Below are records; the lines starting at the one with "4.点击这个打开按钮成功添加" and ending at the one with "ここの水族館のイルカショーは" must be reproduced exactly, both included. Pictures must not appear.

**** Data for review ****

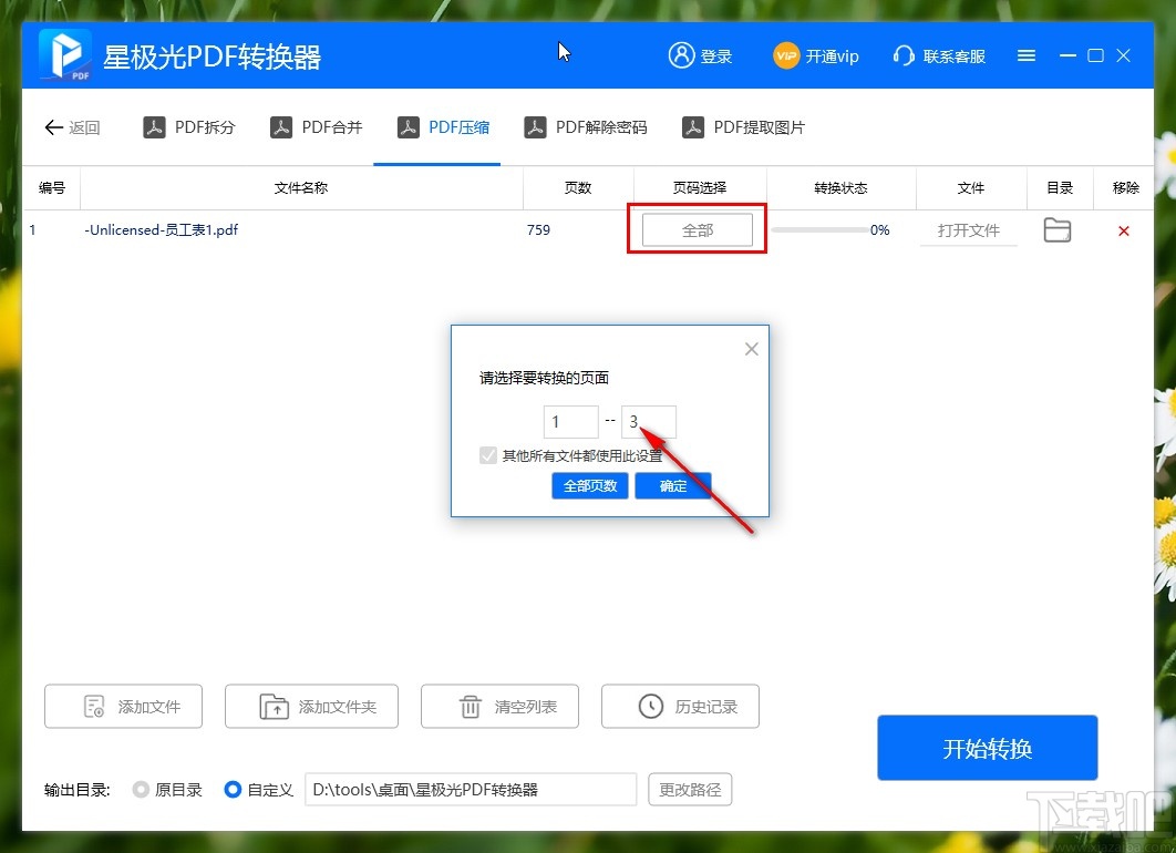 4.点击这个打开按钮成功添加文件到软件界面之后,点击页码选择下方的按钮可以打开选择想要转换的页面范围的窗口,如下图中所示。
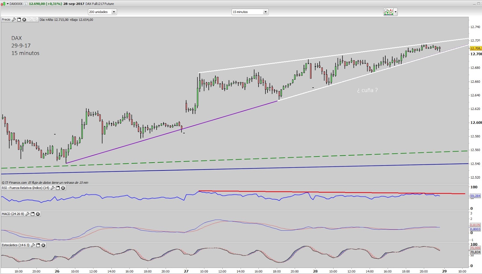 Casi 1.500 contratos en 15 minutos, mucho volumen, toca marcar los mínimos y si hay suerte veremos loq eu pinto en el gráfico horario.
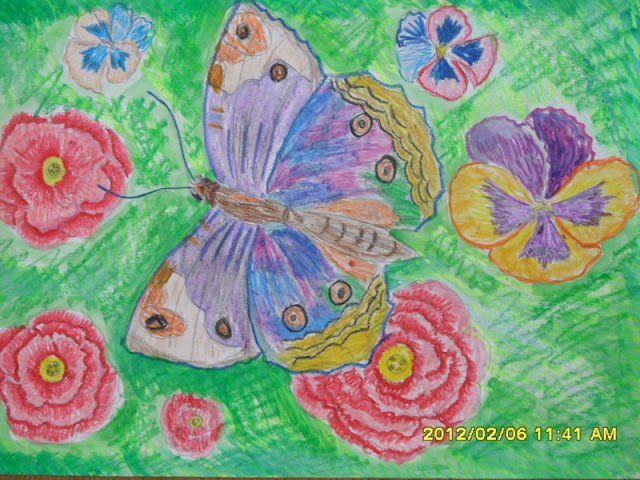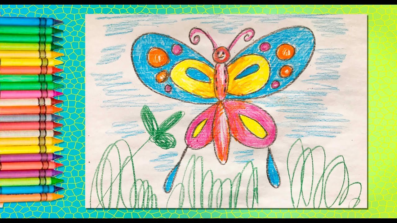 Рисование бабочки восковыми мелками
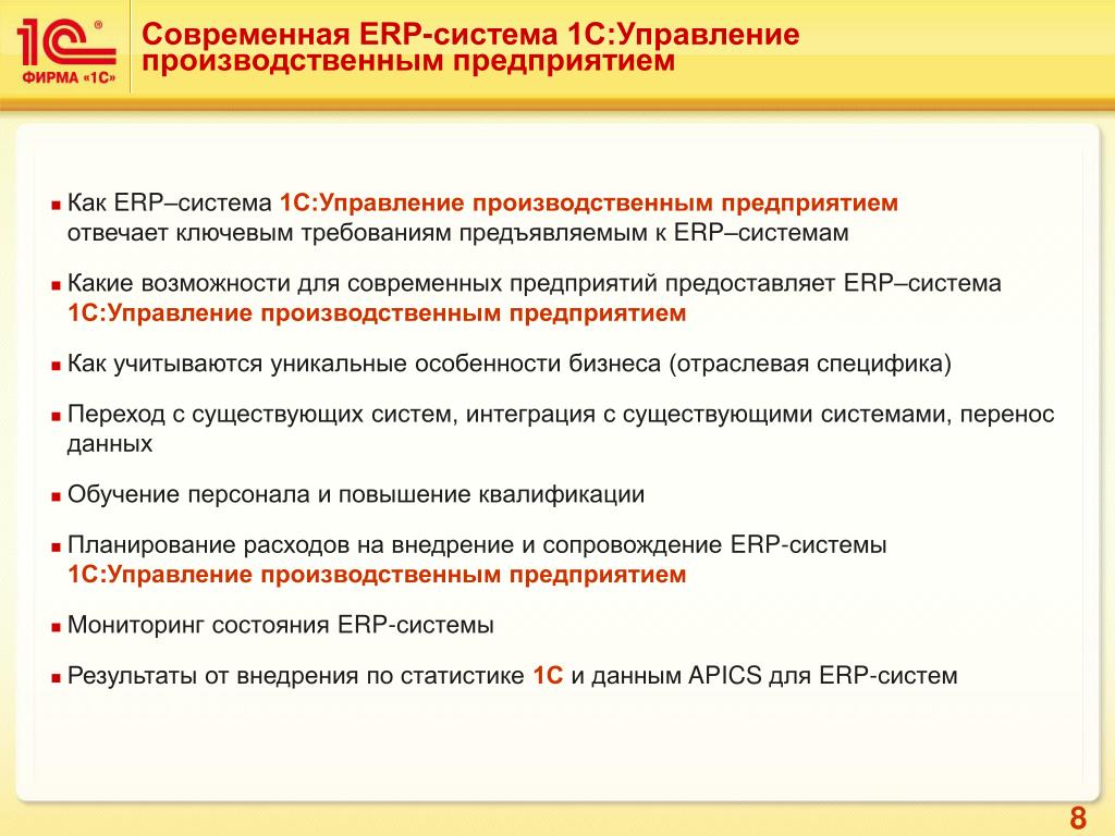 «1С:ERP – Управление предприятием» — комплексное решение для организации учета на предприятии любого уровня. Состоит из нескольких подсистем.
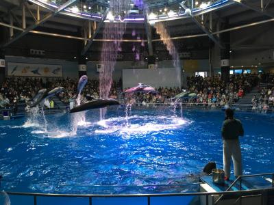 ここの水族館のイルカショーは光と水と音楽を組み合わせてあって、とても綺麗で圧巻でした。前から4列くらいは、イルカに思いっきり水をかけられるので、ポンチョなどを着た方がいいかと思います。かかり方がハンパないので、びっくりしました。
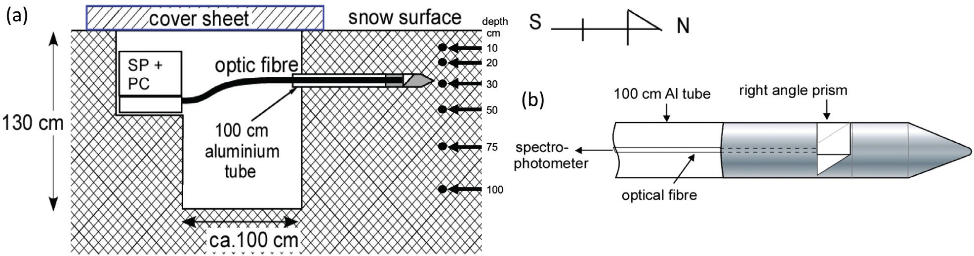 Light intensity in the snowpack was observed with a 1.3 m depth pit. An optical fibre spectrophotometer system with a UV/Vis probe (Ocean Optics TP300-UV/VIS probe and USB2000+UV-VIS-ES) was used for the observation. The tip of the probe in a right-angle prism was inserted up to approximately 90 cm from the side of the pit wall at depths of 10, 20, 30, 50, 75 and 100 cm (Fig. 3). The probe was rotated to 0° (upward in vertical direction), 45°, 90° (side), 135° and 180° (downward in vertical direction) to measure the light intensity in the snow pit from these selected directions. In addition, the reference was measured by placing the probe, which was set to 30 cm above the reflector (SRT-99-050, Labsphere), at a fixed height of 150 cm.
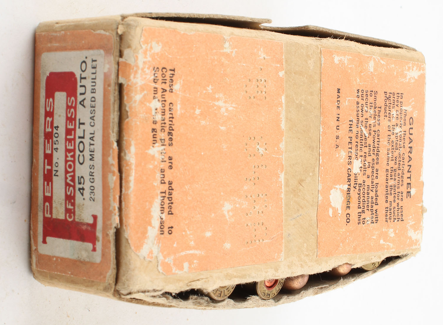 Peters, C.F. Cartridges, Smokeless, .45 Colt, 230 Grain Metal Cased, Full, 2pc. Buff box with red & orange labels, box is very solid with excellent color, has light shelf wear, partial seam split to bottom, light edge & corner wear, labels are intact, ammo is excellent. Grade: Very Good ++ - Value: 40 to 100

****
**** Data for review ****

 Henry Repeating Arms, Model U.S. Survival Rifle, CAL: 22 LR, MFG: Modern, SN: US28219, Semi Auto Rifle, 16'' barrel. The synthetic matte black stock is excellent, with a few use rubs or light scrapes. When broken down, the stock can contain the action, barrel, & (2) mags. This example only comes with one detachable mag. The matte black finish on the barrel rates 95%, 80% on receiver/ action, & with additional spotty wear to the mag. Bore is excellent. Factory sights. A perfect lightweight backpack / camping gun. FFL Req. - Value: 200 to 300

****

* Task answer *
 4.点击这个打开按钮成功添加文件到软件界面之后,点击页码选择下方的按钮可以打开选择想要转换的页面范围的窗口,如下图中所示。
 Casi 1.500 contratos en 15 minutos, mucho volumen, toca marcar los mínimos y si hay suerte veremos loq eu pinto en el gráfico horario.
 Рисование бабочки восковыми мелками
 «1С:ERP – Управление предприятием» — комплексное решение для организации учета на предприятии любого уровня. Состоит из нескольких подсистем.
 ここの水族館のイルカショーは光と水と音楽を組み合わせてあって、とても綺麗で圧巻でした。前から4列くらいは、イルカに思いっきり水をかけられるので、ポンチョなどを着た方がいいかと思います。かかり方がハンパないので、びっくりしました。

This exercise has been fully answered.